I understand what a logarithm is, let's say 2^3 = 8, so log 2(8) = 2^x = 8 which equals 3, so log 2(8) = 3,
or another way to think of it we have 8 how many times can we divide 8 by half until we reach 1, 8 -> 4 -> 2 - > 1 = 3 times
but using logarithms with algorithms kind of confuses me.
we have a binary tree with 7 items
1 2 3 4 5 6 7
|
X
/ \
X X
/\ / \
X X X X
|
so log(7) gives us 2, but this is wrong as we need log(n+1) which would be 8, so why we do we the number of nodes+1 to get the number of levels?
secondly why isn't it log(4)? for example if we had a function to find out how many levels of work a recursive algorithm would do on an array, let's say we have an array [1,2,3,4,5,6,7,8]

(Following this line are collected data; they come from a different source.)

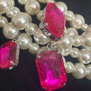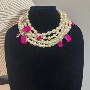 5 Strand Pearl Crystal Necklace: Fuchsia
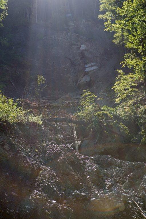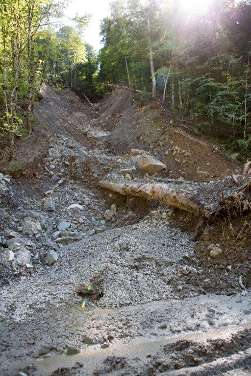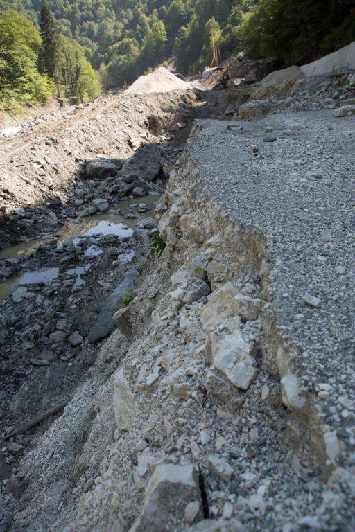 Не хочу ни на кого наговаривать, но… что-то мне подсказывает, что строители Розы Хутор «ни разу не при делах»!!! Там всегда были сели (небольшие по объему сходы грунта на дорогу). Несколько лет не был в тех местах (принципиально не хочется смотреть на этот бардак), но на предыдущих выходных решил съездить на Нарзан посмотреть что да как — был остановлен охранником на шлагбауме в 500 м от канатки Р.Х. На фото видно, что от дороги вообще ничего не осталось (надеюсь я ошибаюсь).
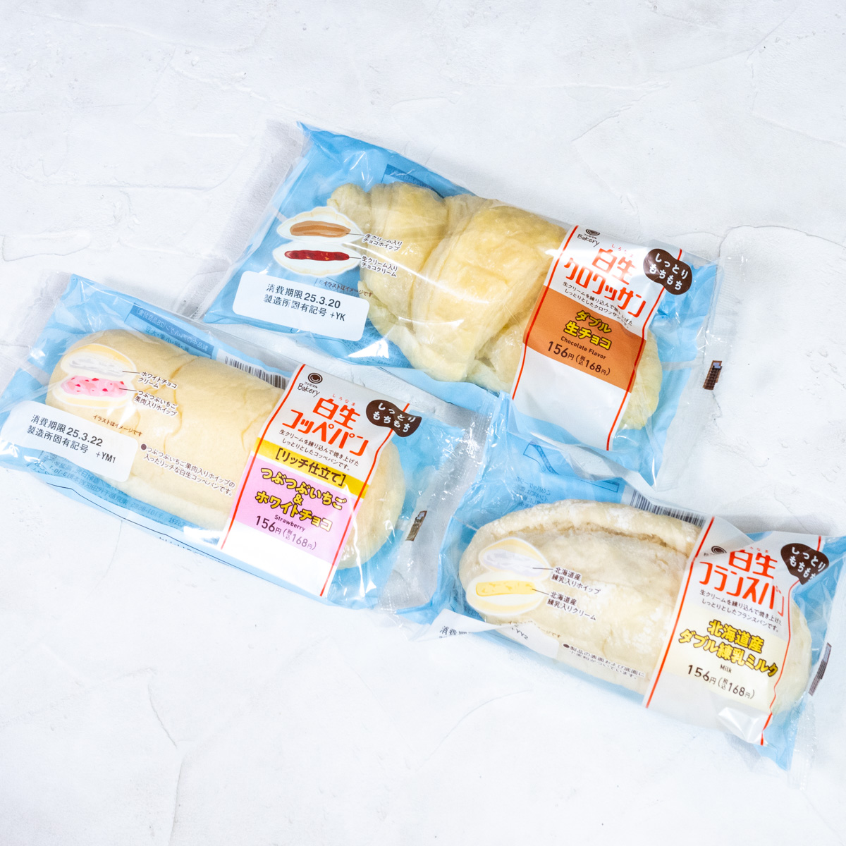 「白生コッペパン(つぶつぶいちご&ホワイトチョコ)」「白生クロワッサン(ダブル生チョコ)」「白生フランスパン(北海道産ダブル練乳ミルク)」の3種類がラインナップされています☆
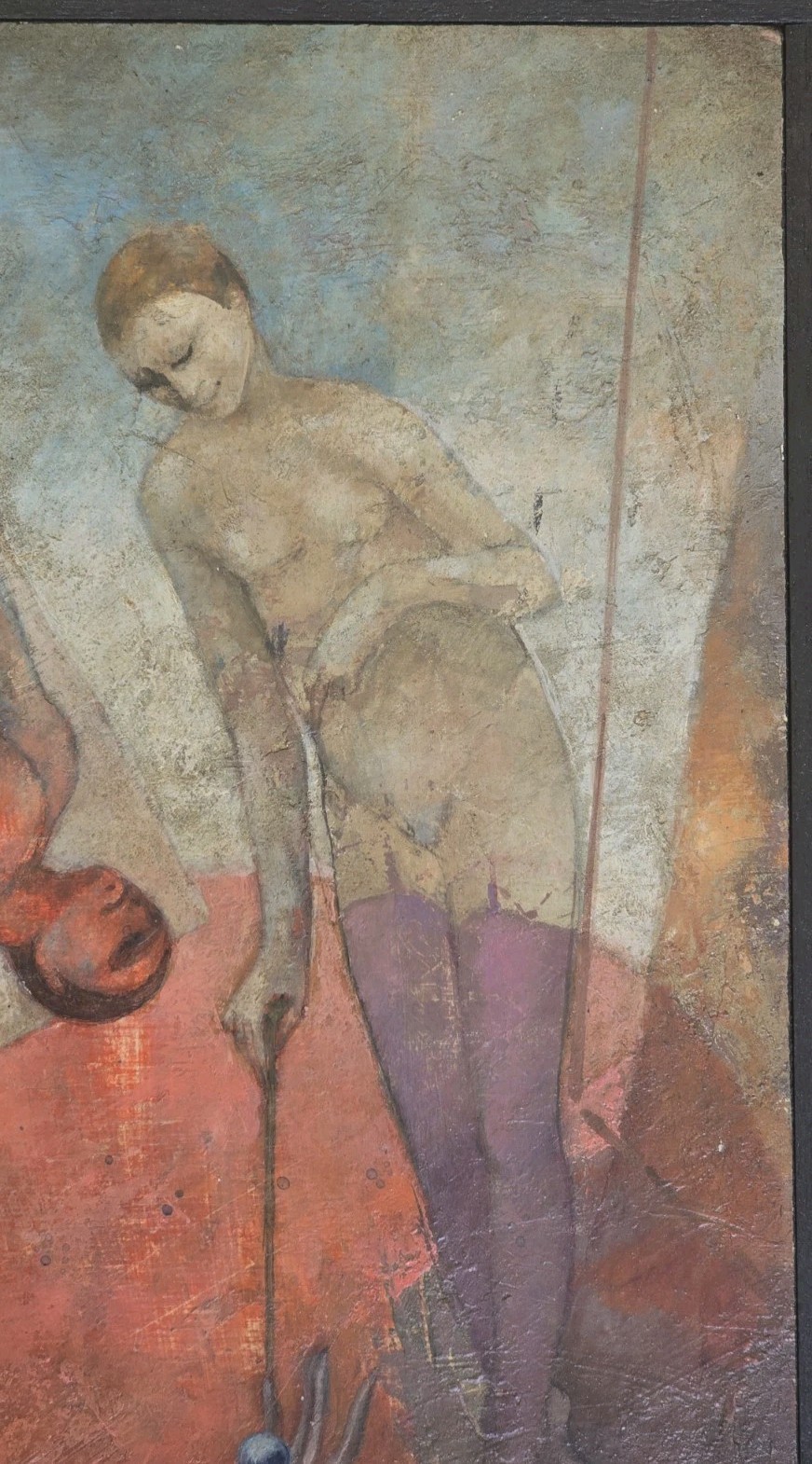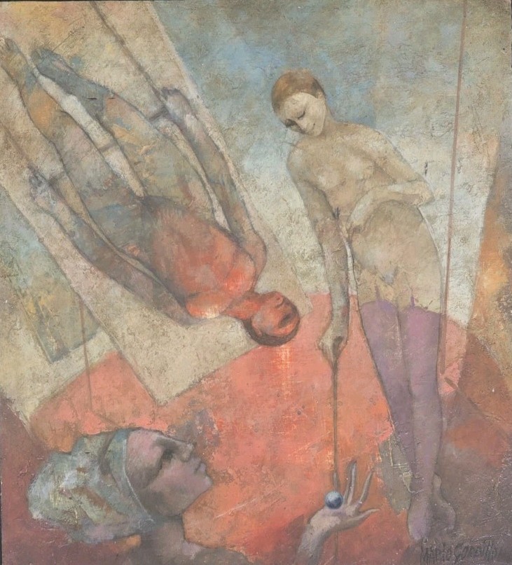 Mario Gordillo (1940-2022), Ecuadorian. Gordillo's paintings create a universe where reality and fantasy coexist. A subtle eroticism often permeates his works, which display harmony and skillful draftsmanship.
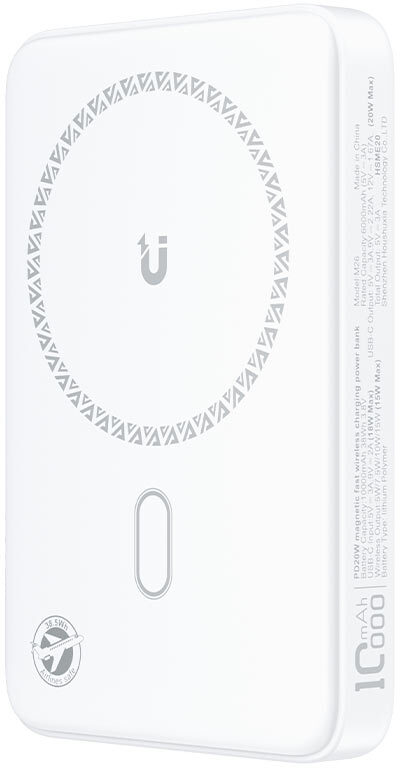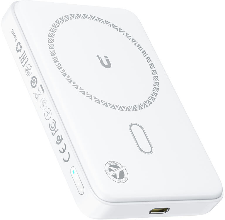 При розмірах 107 х 70 х 17,7 мм і вазі лише 200 г M26 легко поміщається у кишеню або невелику сумку. Біла версія виглядає лаконічно й сучасно. LED-індикатор на корпусі в реальному часі відображає рівень заряду самого павербанка та стан бездротового заряджання. Пристрій пройшов міжнародну сертифікацію: FCC, CE, RoHS, EAC та UN38.3 — що підтверджує його безпеку та відповідність стандартам якості.
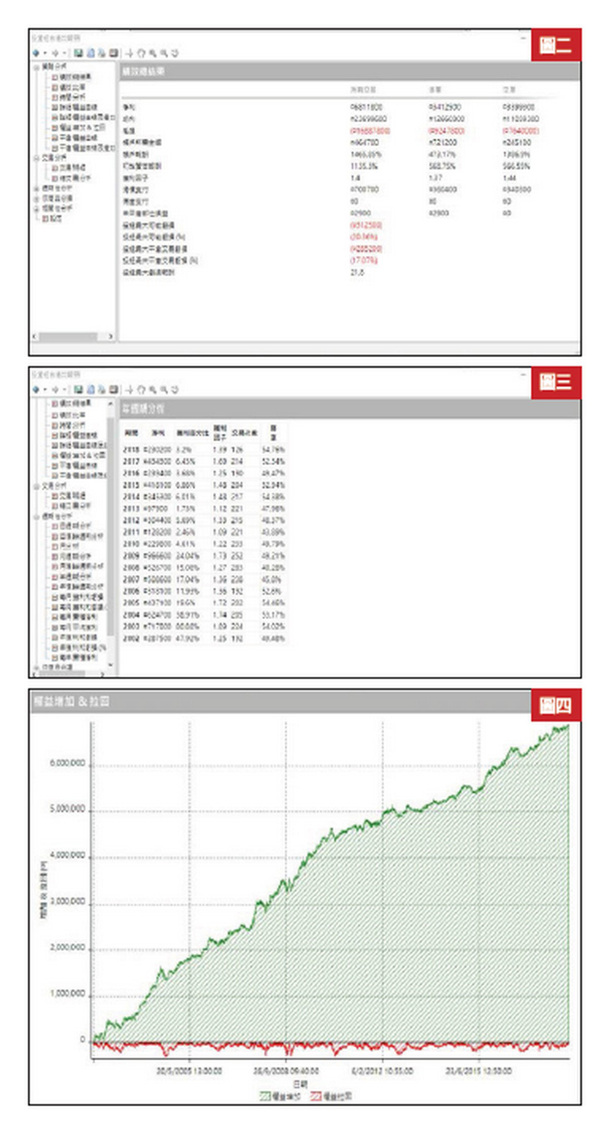 記得去年十二月看到某週刊的標題為二○一七年最強台股基金經理人大調查,三成認為明年(二○一八)台股高點落在第一季,現在(二○一八年十一月)看起來若沒有意外的話,當時的研判是十分準確的,所以若對照今年高點一一二七○在第一季,那麼第二季應不宜有過多樂觀推論才是,再加上六月的中美貿易戰紛爭理當保守以對,才不會在第三、四季套牢股票,所以在操作策略上第二、三季應作出不小的修正,但是因為基金規模不小,部分調整需基於法規及時間才能作出最佳策略。不過基金的策略及績效並不是本期要討論的重點,本期要說的是不同於基金的一般專業投資人或散戶在執行操作的過程中發現判斷及策略有錯的時候,能否果斷做出調整才是勝負的關鍵。相對於基金持股部位而言,一般投資人的持股部位是很容易調整的,但為什麼矽晶圓、蘋概股、被動元件的股票被套牢這麼深呢?原因很簡單,就是犯了貪心及恐懼的毛病:1.去年股票賺錢很容易,2.今年第一季套牢的股票到了第二季還能解套以為不會賠,沒有了風險意識,完全喪失果斷調整執行的能力,甚至從贏家變輸家呢!該怎樣徹底解決這種專業不足,執行不力的宿命呢?方法很簡單,就是利用AI程式交易來改變執行交易的弱點,當然AI程式研判多空也常有錯誤的時候, 但AI程式會毫不猶豫的小賠出場,但當AI程式正確的時候,會勇敢的抱到大賺為止。其實多數投資人常以小賺大賠收場,怎樣改變成大賺小賠,不能只是跟著喊喊口號,要能確實做到賺錢才行,附圖是加權指數從二○○一年的四九三五點到二○一八年十一月五日的九八九○點(圖一),十八年漲了一倍,若以六十萬的資金投資在二○○一年一月二日買進一口大台期貨在四九三五點(留倉且每月換倉)到二○一八年十一月五日收在九八一七點,共賺了四八八二點,獲利九十七萬六千四百元,換算投報率一六二%。若以同樣資本改以AI程式交易從二○○一年到二○一八年則獲利約六百八十萬(圖二、圖三),換算投報率超過一○○○%(十倍)(圖四),而這麼高的報酬率是建立在AI程式,當錯誤時迅速執行停損及交易正確時能放大獲利。誰說在市場賺錢不易?其實可以很輕鬆容易的,你可以選擇圖一的賺錢方式,更可以選擇圖四的賺法,只要你想,只要你相信嘗試,你一樣可以輕鬆當個贏家的。
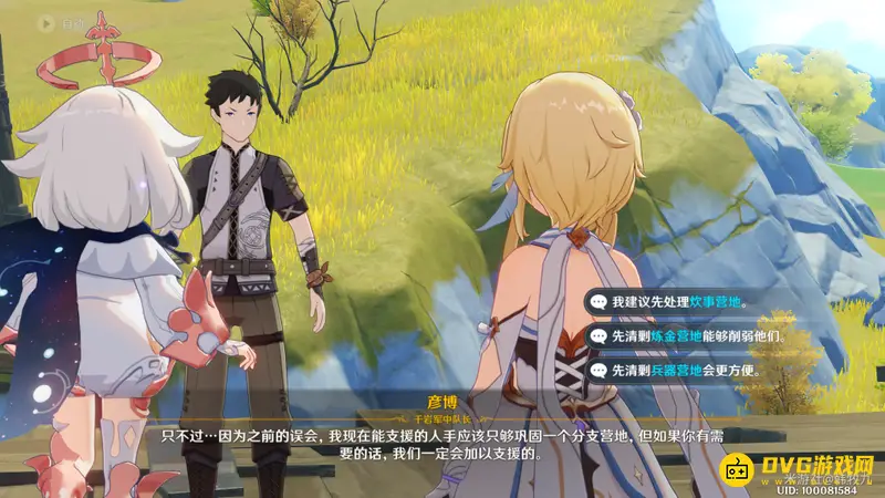 千岩军会帮助旅行者先清理掉一个营地(就是对话中选择的那个)。
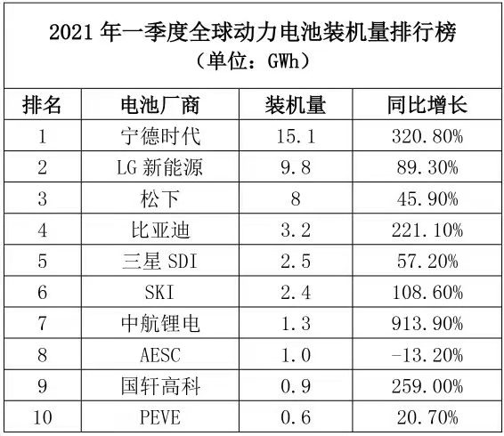 根據(jù)韓國(guó)SNE Research行業(yè)調(diào)研機(jī)構(gòu)發(fā)布的數(shù)據(jù),今年一季度,全球動(dòng)力電池裝機(jī)量達(dá)到47.8Gwh,同比增長(zhǎng)127%,呈現(xiàn)出高速增長(zhǎng)的態(tài)勢(shì)。

we would do log(8) to find the levels of work right?? ( why is it different with the binary tree? why do we use the number of nodes+1 and with the array algorithm we use the number of elements?
let me try draw an example it may explain it a little better
1 2 3 4 5 6 7 8 9
|
[1,2,3,4,5,6,7,8]
/ \
[1,2,3,4] [5,6,7,8]
/ \ \ /
[1,2] [3,4] [5,6] [7,8]
/ \ / \ / \ / \
[1][2][3][4] [5][6][7][8]
|
if we count an element as each [] then we have 15 [] , 1 in the first,2 in the second,4 in the third, 8 in the last, so log(15+1) = log(16) = 4
this gives us 4 levels of work, but if we do log(8) we get 3 levels, so which one is correct? and how come we use log(n+1) in a binary tree and log(num of elements in array) in finding levels of work? and lastly why log(n+1) but not log(num of elements in array+1)?